I look like an old woman moving around these days. My pain has become excruciating to the point where I can’t even stand up straight. But in a strange way, this pain is actually motivating me to follow through with my plans.
I found out today that my blood clotting issues are not going to be a problem. I will be able to take hormone replacement therapy. As a precaution, I’ll be given blood thinning injections for five days post-op. Injections don’t bother me. Just don’t give me a horse pill to swallow!
I love how God brings people in my life to give me just what I need, when I need it. A friend called me out of the blue when I was in a panic attack and then prayed a powerful prayer with me, right there on the phone. Another friend drove me to the hematologist appointment today because I was too sick to drive myself. Yet another friend picked up prescriptions for me and brought over dinner for hubby and our daughter. And my husband brought me some hot fresh French bread from the store in hopes of teasing my appetite.
The Lord also gave me my hematologist today. Dr. Le was a fantastic physician. I really liked her — maybe because she is as tiny as I am! She took one look at my hunched over posture and tender abs and lab reports and said: endometriosis. She said that yesterday she performed a surgery on what she thought was a cancerous mass but turned out to be endometriosis all balled up on top of a woman’s appendix. I told her that when I get this pain I get a rattle/wheeze in my right lung, and she said that, too, is likely endometriosis.
I’ve decided that my body thinks estrogen is poison. Every time my hormone level surges (during ovulation, and just before my cycle begins), my pain surges. That’s a pretty strong correlation, even to this non-medically-trained person. So taking out my ovaries will be taking out my poison-producting factories.
My endoscopy was moved up to tomorrow. It’s probably a good thing because my pain is at its peak. The gastro doctor really hurt me yesterday with all that poking and prodding. I’m going to politely ask him to go easy on me tomorrow and to give me some pain medicine so I don’t end up worse off tomorrow than I am today. I’ve got phenergan in my pocket, so I think I’ll just take one of those suckers before I leave for the procedure…try to nip that nausea before it starts. (Even though I’ve had it for the past 36 hours nonstop with zero sleep…think I may need it tonight at bedtime, too.)
Then on Friday I have the comparatively easy abdominal ultrasound to see if any endometrial lesions are visible. Depending on the results of those tests, my GYN surgeon and the general surgeon assisting him will determine the final course of action.

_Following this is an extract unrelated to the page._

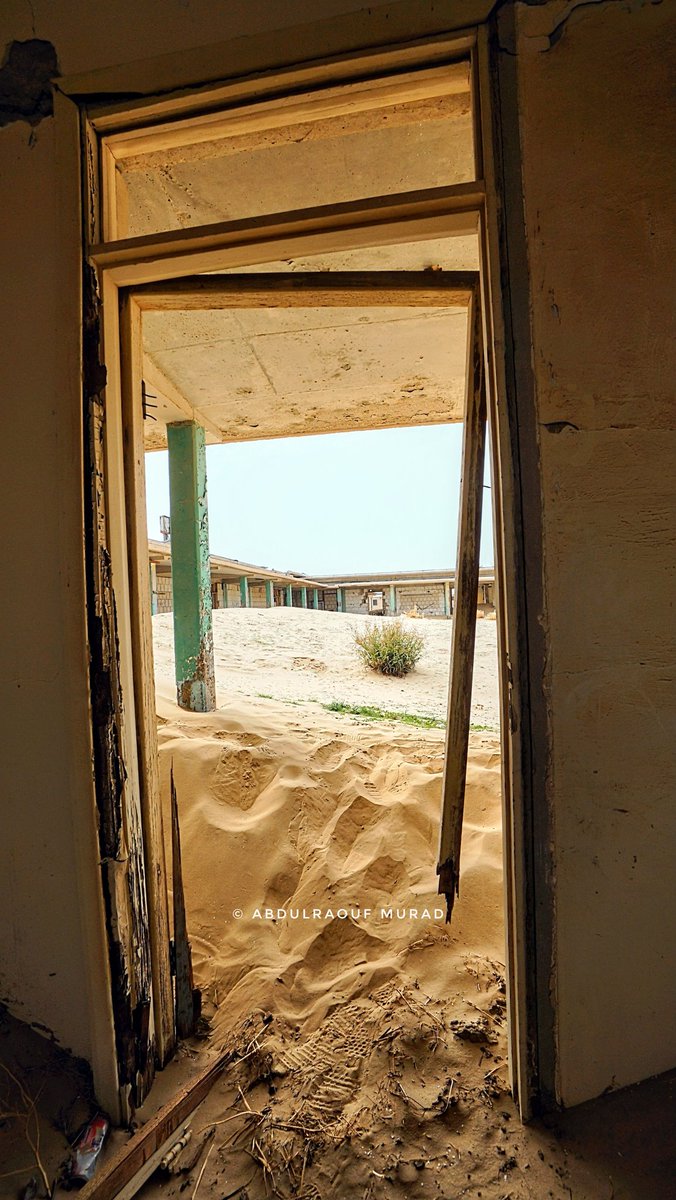 سلسلة تغريدات حول مدارس الوفرة التى تركت مهجورة بعد الغزو حتى غزتها الرمال وطمرت أجزاء منها

How am I doing? Slightly better than I was this time last night. The 24-hour panic attack seems to have subsided, to a degree. I am actually contemplating taking a Benadryl for its sedative effect in hopes that it will release some of the tension in my stomach muscles so I can rest tonight. My daughter is worried about me and is having a difficult time with me being so sick. She has some anxiety about what it will be like when I come home from surgery. I think she has visions of me being bed-bound for two months while she takes over all the household chores plus gets all her schoolwork done, fetching me bonbons all the time, etc. But this, too, will be good for her. She is capable of more than she thinks. As am I.
I’m just ready to get these poison factories outta here!